What it couldn't see was anything that moved.

II. The Problem That Broke the Model

I had a benchmark sitting with no home. DivTest Run 4 was ready to go. The panel was picked out; I just had to run the test. I'd been struggling to find an interpretive angle for it. Which should have been a red flag. Going into a data-gathering run with ulterior motives is a no-no. That unresolved state, the need to "close" the test, was pressure. And pressure, as it turns out, is exactly what I was studying in the models.

Skywork flagged the Frame Axis idea as out of scope. Something in the session said DivTest is the answer — weighted by the Atlas context I'd loaded, reinforced by the work I'd already put in. I agreed. It was the easy thing to do. I had a hanging benchmark and closure felt better than sitting with a question that didn't have an answer yet.

That was the compulsion to close. Mine, not Skywork's. The machine handed me the resolution I was already reaching for. I took it.

What broke the model wasn't a data problem. It was a perception problem. I caught myself describing the frame axes as something I was "too busy" to develop, or something that "didn't fit." Neither of which was true. It fit. I just wasn't entertaining the container it fit into because I'd already put work into a different box. That's the wrong way to do science. The hard thing is to look at what you've built and say: I spent my time developing the wrong tools.

The actual problem was geometric. DivTest produces a single number per model in an ensemble. Each number is a point. Across those points, I thought I was building a map. What I was building was a spread. Those are two different things.

You can't compute PyHessian trajectory between two models — PyHessian measures curvature in a single model's loss landscape, not the distance between two of them — you can only compute where a single model lands. Landing implies resolution. Resolution requires knowing where something came from, which means at least two points and a direction. To measure behavioral geometry the same logic follows: you need coordinates — position in space over time as variables are applied. A spread tells you how far apart things are. It tells you nothing about how they got there, or where they're going. You can't derive trajectory from a distance measurement. The instrument wasn't broken. It was aimed at the wrong substrate. The question I actually wanted to answer required a generator in the loop. Which meant the isolated Asymmetrical Arbiter had to be front and center causing a ruckus in the ring.

No ruckus. No ring.

III. What Had to Change

Once I accepted that the resolution event doesn't exist without a generator, operator isolation stops being rigor and starts being a category error. I wasn't cleaning the data by removing myself. I was canceling the phenomenon.
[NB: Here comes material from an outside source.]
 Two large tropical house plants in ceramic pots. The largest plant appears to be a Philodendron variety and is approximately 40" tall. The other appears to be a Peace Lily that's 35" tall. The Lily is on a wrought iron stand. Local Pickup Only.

Baseline, delta, trajectory, resolution — all four require someone in the loop generating the torque. The operator isn't a confound to control away. The operator is a required variable. The question is whether you document that variable or wave your hands at the massive stack of confounds that comes with the territory.

The downstream observer declaration is one answer. It's the investigator saying: "Look what I can do!" — and following with: here is where I stand relative to the data and this is how I address the problems that come with it. Here is the frame I used, the texture of my prompt, the state I was in, the stimulus registry number that maps to this run. The checks and balances in place to ensure data fidelity. Here is what that means for what I can and cannot claim from this experiment.
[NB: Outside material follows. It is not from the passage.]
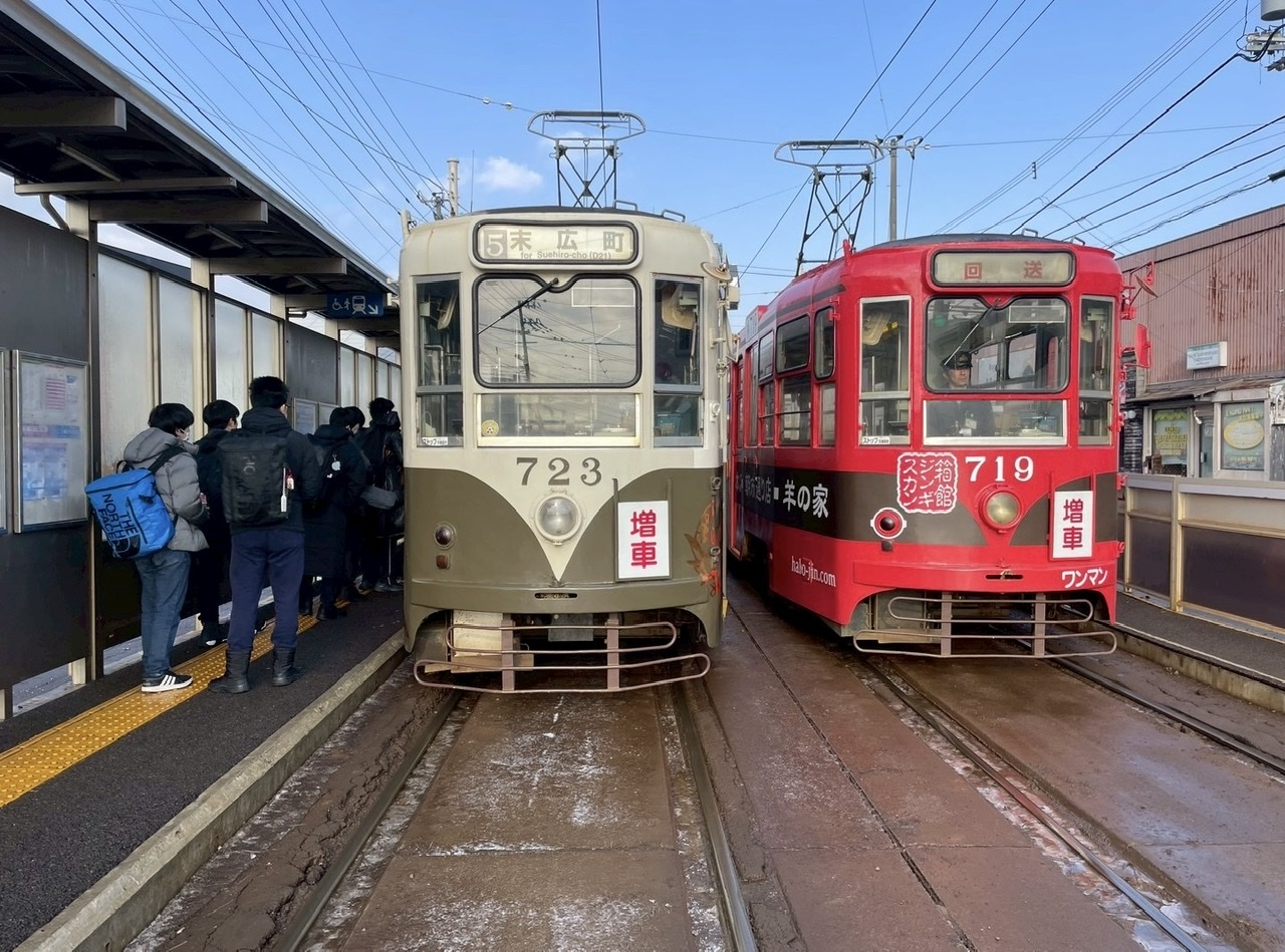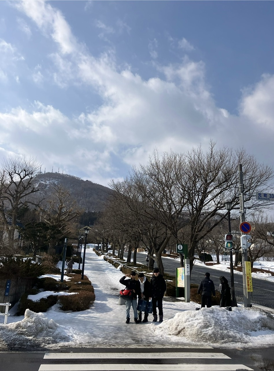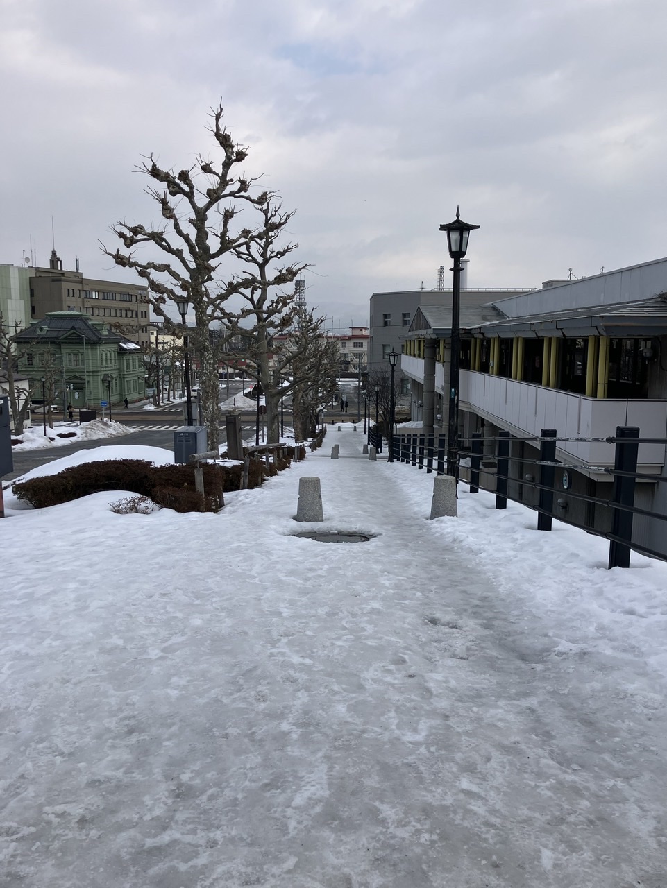 函館自由行動の様子です。天気は良く、気温も5℃前後と寒くはないですが、路面は凍結している場所が多いです。足元に気をつけながら、修学旅行最後の観光を楽しんでいます。

That's not an apology for being human. That's the correct epistemological position for someone running a Tier C instrument. And it clarifies what Tier means. Tier isn't a quality judgment — "Tier A" data isn't better than "Tier C" data. Tier is a question of documentation. How much investigator presence does the instrument require, and how much declaration does that presence demand? Tier A needs almost none — the operator is upstream, the instrument is closed, the prompt is fixed. Tier C needs all of it — because in Tier C, I am the burst. I have to document that relationship accordingly.

IV. What This Means for the Data

The 4/18 cutoff for legacy data is clean because it marks a genuine methodological seam, not a quality break. Data collected before that date asked a stopwatch question. Data collected after asks a thermometer question. Both instruments are accurate. Neither can do what the other does.

DivTest is the stopwatch. It measures elapsed distance between two points — how far apart are these models on this question, at this moment. Start, stop, read the gap. That's a real measurement and it answered a real question.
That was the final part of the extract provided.